I think the 16 vs 17 steps thing is just an environmental quirk on your machine (or at least, it doesn't show up on my machine). There is also a lot less overhead in general on my machine. Here is what it looks like for me with
16 steps
ncalls tottime percall cumtime percall filename:lineno(function)
248/62 0.000 0.000 5.194 0.084 ...\nengo\nengo\utils\magic.py:174(__call__)
124/62 0.000 0.000 5.194 0.084 ...\nengo-dl\nengo_dl\simulator.py:65(require_open)
62 0.002 0.000 5.193 0.084 ...\nengo-dl\nengo_dl\simulator.py:1118(run_steps)
62 0.000 0.000 5.182 0.084 ...\nengo-dl\nengo_dl\simulator.py:689(predict_on_batch)
124/62 0.002 0.000 5.181 0.084 ...\nengo-dl\nengo_dl\simulator.py:49(with_self)
62 0.001 0.000 5.179 0.084 ...\nengo-dl\nengo_dl\simulator.py:915(_call_keras)
62 0.172 0.003 5.154 0.083 ...\nengo-dl\nengo_dl\simulator.py:1050(just_the_keras_call)
vs 17 steps
ncalls tottime percall cumtime percall filename:lineno(function)
232/58 0.000 0.000 5.127 0.088 ...\nengo\nengo\utils\magic.py:174(__call__)
116/58 0.000 0.000 5.127 0.088 ...\nengo-dl\nengo_dl\simulator.py:65(require_open)
58 0.001 0.000 5.126 0.088 ...\nengo-dl\nengo_dl\simulator.py:1118(run_steps)
58 0.000 0.000 5.116 0.088 ...\nengo-dl\nengo_dl\simulator.py:689(predict_on_batch)
116/58 0.001 0.000 5.115 0.088 ...\nengo-dl\nengo_dl\simulator.py:49(with_self)
58 0.001 0.000 5.113 0.088 ...\nengo-dl\nengo_dl\simulator.py:915(_call_keras)
58 0.171 0.003 5.090 0.088 ...\nengo-dl\nengo_dl\simulator.py:1050(just_the_keras_call)
Note that that is ~0.7% overhead in both cases.
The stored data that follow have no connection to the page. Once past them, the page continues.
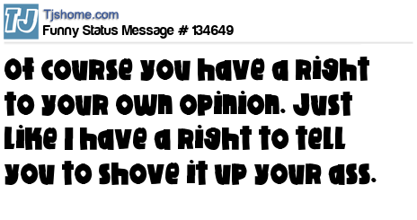 X says Of course you have a right to your own opinion. Just like I have a right to tell you to shove it up your ass.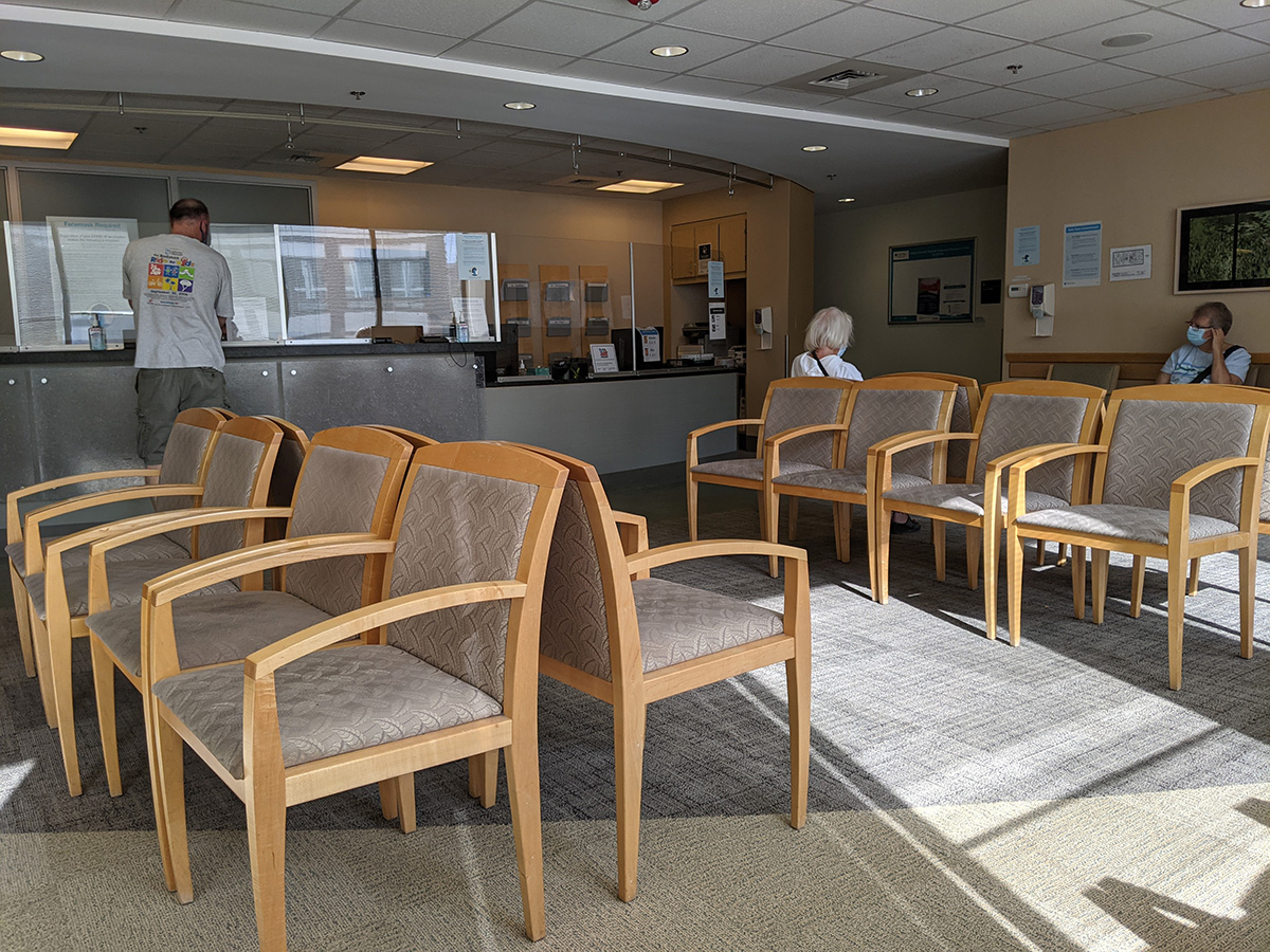 just like at the previous place, i had to disinfect my hands first before grabbing a new facemask. i then checked in one of the attendants sitting behind a plastic window partition. after a few minutes of waiting, someone came out and called my name.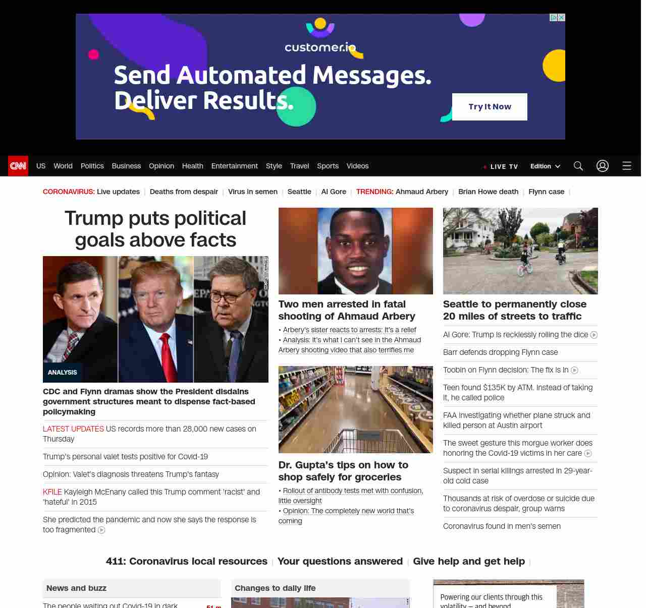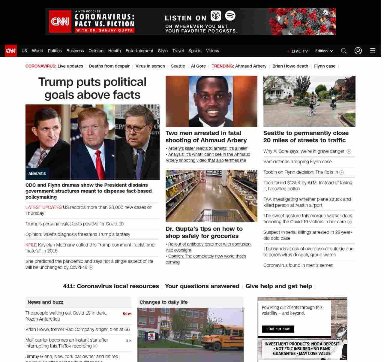 || screaming-banner-text banner-text-size–char-41″ data-analytics=”_list-hierarchical-xs_article_”> Trump puts political goals above facts ||” , title: “CNN – Breaking News, Latest News and Videos” , siblings: {“articleList”:[{“uri”:”/2020/05/07/politics/donald-trump-coronavirus-cdc-michael-flynn-william-barr-russia-investigation/index.html”,”headline”:”u003cstrong>CDC and Flynn dramas show the President disdains government structures meant to dispense fact-based policymakingu003c/strong>”,”thumbnail”:”//cdn.cnn.com/cnnnext/dam/assets/200213160313-flynn-barr-trump-split-restricted-small-11.jpg”,”duration”:””,”description”:””,”layout”:””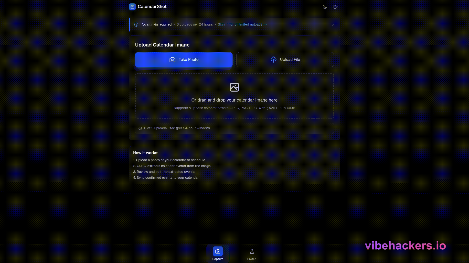Transform photos of schedules into calendar events instantly using AI. CalendarShot allows users to upload images of their calendars or schedules, from which the AI extracts events for easy syncing to Google Calendar.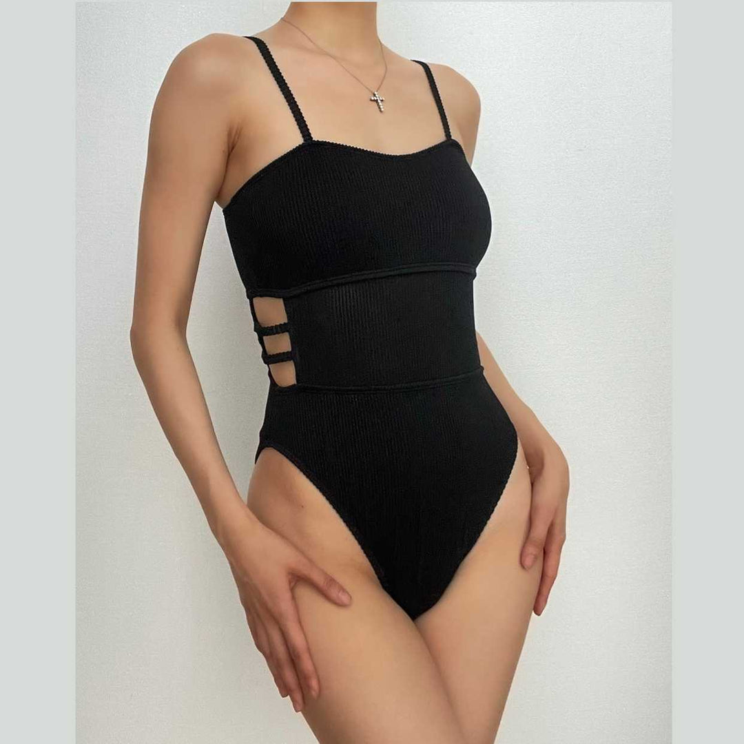 Padded hollow out solid cami one piece swimwear

Here is how I am timing things (just doing it in-code without any grepping, for one 500000 neuron run) in case that makes a difference in your results
with sim_class(model, **sim_kwargs) as sim:
t_sim = time.time()
# -- warmup
sim.run(0.01)
t_warm = time.time()
# -- long-term timing
with cProfile.Profile() as pr:
# sim.run(simtime)
steps_per_iteration = 16
for _ in range(n_steps // steps_per_iteration):
sim.run_steps(steps_per_iteration)
t_run = time.time()
pstats.Stats(pr).sort_stats("cumtime").print_stats(20)
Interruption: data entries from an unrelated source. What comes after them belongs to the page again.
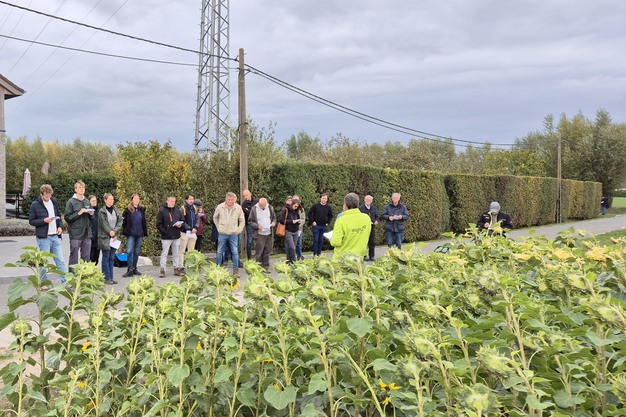 Vorig jaar gingen ze voor het eerst van start met de teelt van zonnebloem voor kuilvoerdoeleinden in het kader van een CCBT-project. Dit jaar werden deze proeven verder gezet. De proeven moeten in de eerste plaats uitwijzen of zonnebloemen meerwaarde kunnen bieden in het melkvee rantsoen. Ze sprongen in het oog omwille van hun klimaatrobuuste karakter, evenals hun vetfractie, en dus het potentieel tot het aanbrengen van onverzadigde vetzuren in het herkauwerrantsoen. Daarnaast kan men zonnebloemen nog tot tamelijk laat in het seizoen zaaien, waardoor men ze (in theorie) nog na de oogst van wintergraan op het veld kan installeren. Hierdoor zou men twee ruwvoergewassen per jaar van één perceel kunnen halen. In deze optiek werd er daarom binnen deze proeven gevarieerd met het zaaitijdstip. Nu, in praktijk lijkt dit lastiger haalbaar te zijn. Vorig jaar zorgde de natte zomer voor aanzienlijke opbrengstverliezen bij een later zaaitijdstip. Dit kwam voornamelijk doordat Sclerotinia de overhand kreeg alvorens er een optimaal DS% werd bereikt. Ook dit jaar lijkt het erop dat ze met deze latere zaai lagere opbrengsten zullen oogsten. Ditmaal is het witziekte dat roet in het eten gooit. Ze willen het potentieel van zonnebloem na graan nog niet helemaal verwerpen, maar er lijken toch wel belangrijke aandachtspunten te zijn.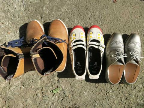 左から‥ワークブーツ(ロックなライブ用)、オニツカタイガーのスニーカー、Cole Haanの革靴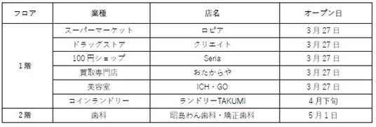 ~スーパー「ロピア」など、毎日の生活に役立つ全7店舗が出店~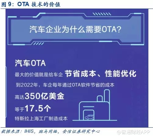 整车OTA升级是特斯拉持续进化的“武功绝学”,也是软件服务收费的基石。简单的讲,整车OTA技术(over the air空中升级),就是能够让汽车像手机一样实现系统空中在线升级。需要强调的是,本文强调的是整车级别的OTA技术,不仅仅是简单的娱乐系统的OTA,而是可以延伸到更深层次的汽车控制系统、电池管理系统等核心领域,从而提升汽车的性能,比如前文所述特斯拉的Acceleration Boost(动力性能加速)就是典型的整车OTA案例。从本质上来说,整车OTA对于汽车厂商的价值在于两方面,一方面是性能升级,一方面是节省成本(通过OTA升级修改BUG,可以大大降低汽车厂商召回成本)。根据IHS的预测,仅节省成本而言,OTA在2022年可以为全球整车厂节省350亿美金。特斯拉是全球第一个使用整车OTA技术的车厂,其软件以及应用服务生态的更新迭代依赖于整车OTA技术(over the air空中升级),从而实现对已售车辆的持续升级。可以说,整车OTA技术是特斯拉从“钢铁”升级到“钢铁侠”的关键,也是特斯拉实现软件服务收费的技术基石。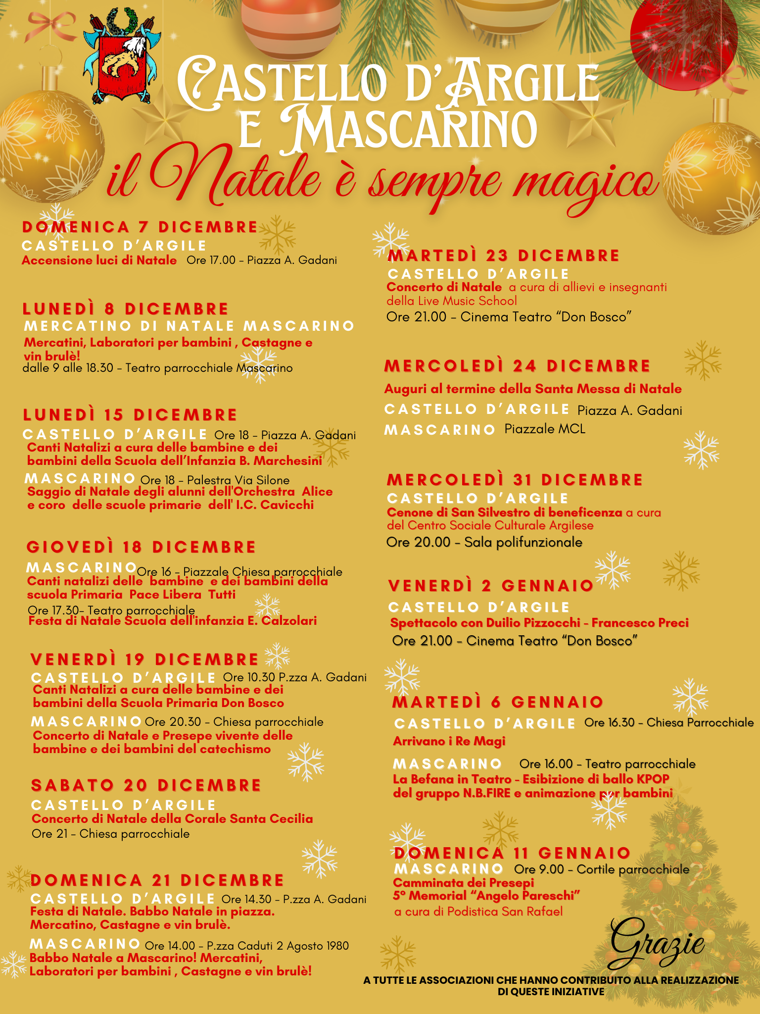 Ecco il programma di tutti gli eventi da dicembre 2025 a gennaio 2026: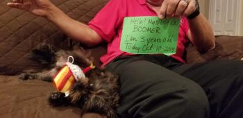 This is our precious Boomer known to you as Romeo. He was adopted on Feb 1, 2019. He's come a long way. Some personality he has. He wants to control everything, but he's gotten better. He is so Happy with his Daddy, he is in heaven right there. And my husband loves him too.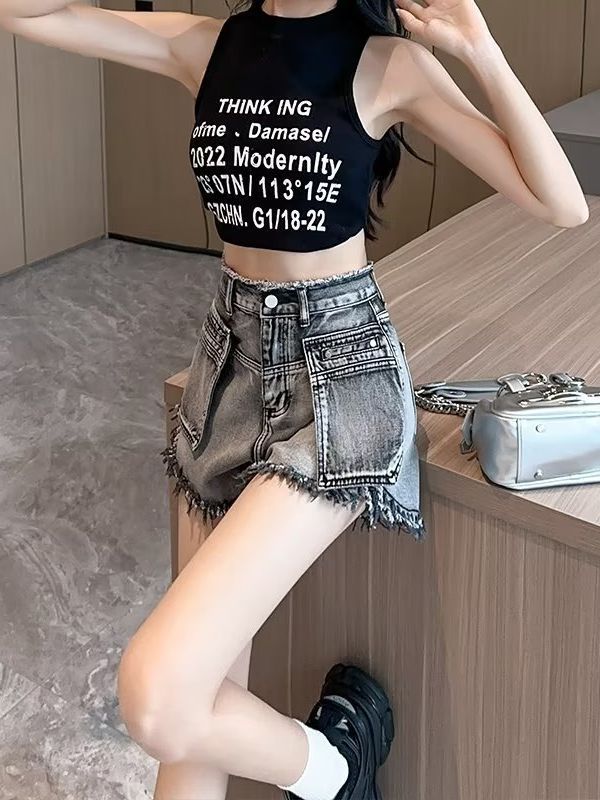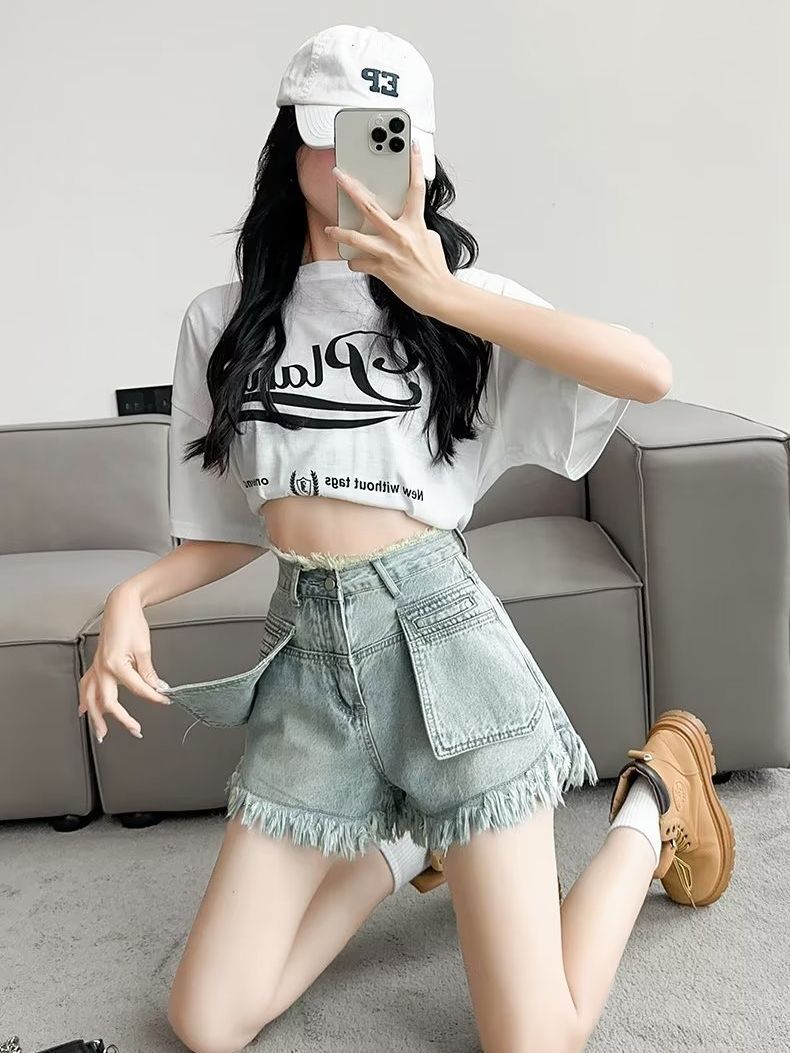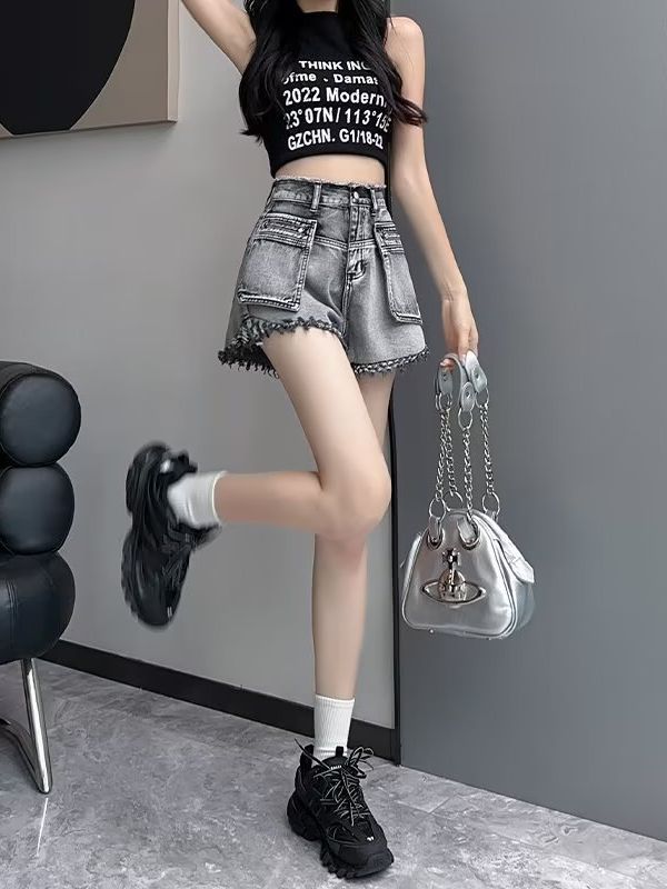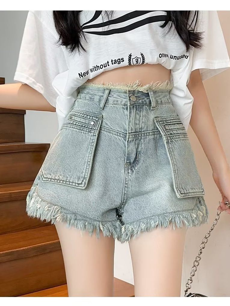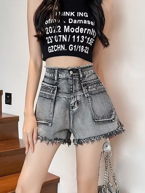 流苏牛仔短裤女夏季薄高腰宽松阔腿毛边大口袋设计感a字辣妹热裤

So based on my results anyway, I don't think I'd say it's the case that NengoDL has a lot of interpreted overhead, but I'd be interested why your environment seems to have more (although still <2% overhead in the worst case).
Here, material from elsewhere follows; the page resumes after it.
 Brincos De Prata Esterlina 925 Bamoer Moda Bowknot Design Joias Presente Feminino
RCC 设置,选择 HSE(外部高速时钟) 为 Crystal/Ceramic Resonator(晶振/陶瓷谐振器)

Thank you for doing your own tests! Sorry for the delayed response. I agree, based on the cumtime measurement, that Nengo DL is not introducing significant additional overhead. I also learned how to use NVIDIA visual profiler. Not sure how it compares to the TF profiler, but it gives some pretty pictures that correspond to the results above.
This is one iteration of the for
loop. Keras python overhead is greater than Nengo DL's. There's also something going on in the TF kernel where data is being transferred to host every timestep. I have inference_only=True
, so I don't know what it could be. Do you have an idea? Do you have a CUDA-level profiler that reproduces it?
Suppose you did eliminate that kernel dead time, then the Keras python overhead associated with looping would be significant, although it amortizes with the number of steps per loop.
I just found this interesting. I think we can conclude the original issue though. Perhaps a simple try/except block would be helpful for future Nengo DL users. Thanks again.
Just an update, we do plan to add some documentation to help users diagnose/fix memory issues to help resolve this, it'll just be a little while before we have a chance to get to that I suspect.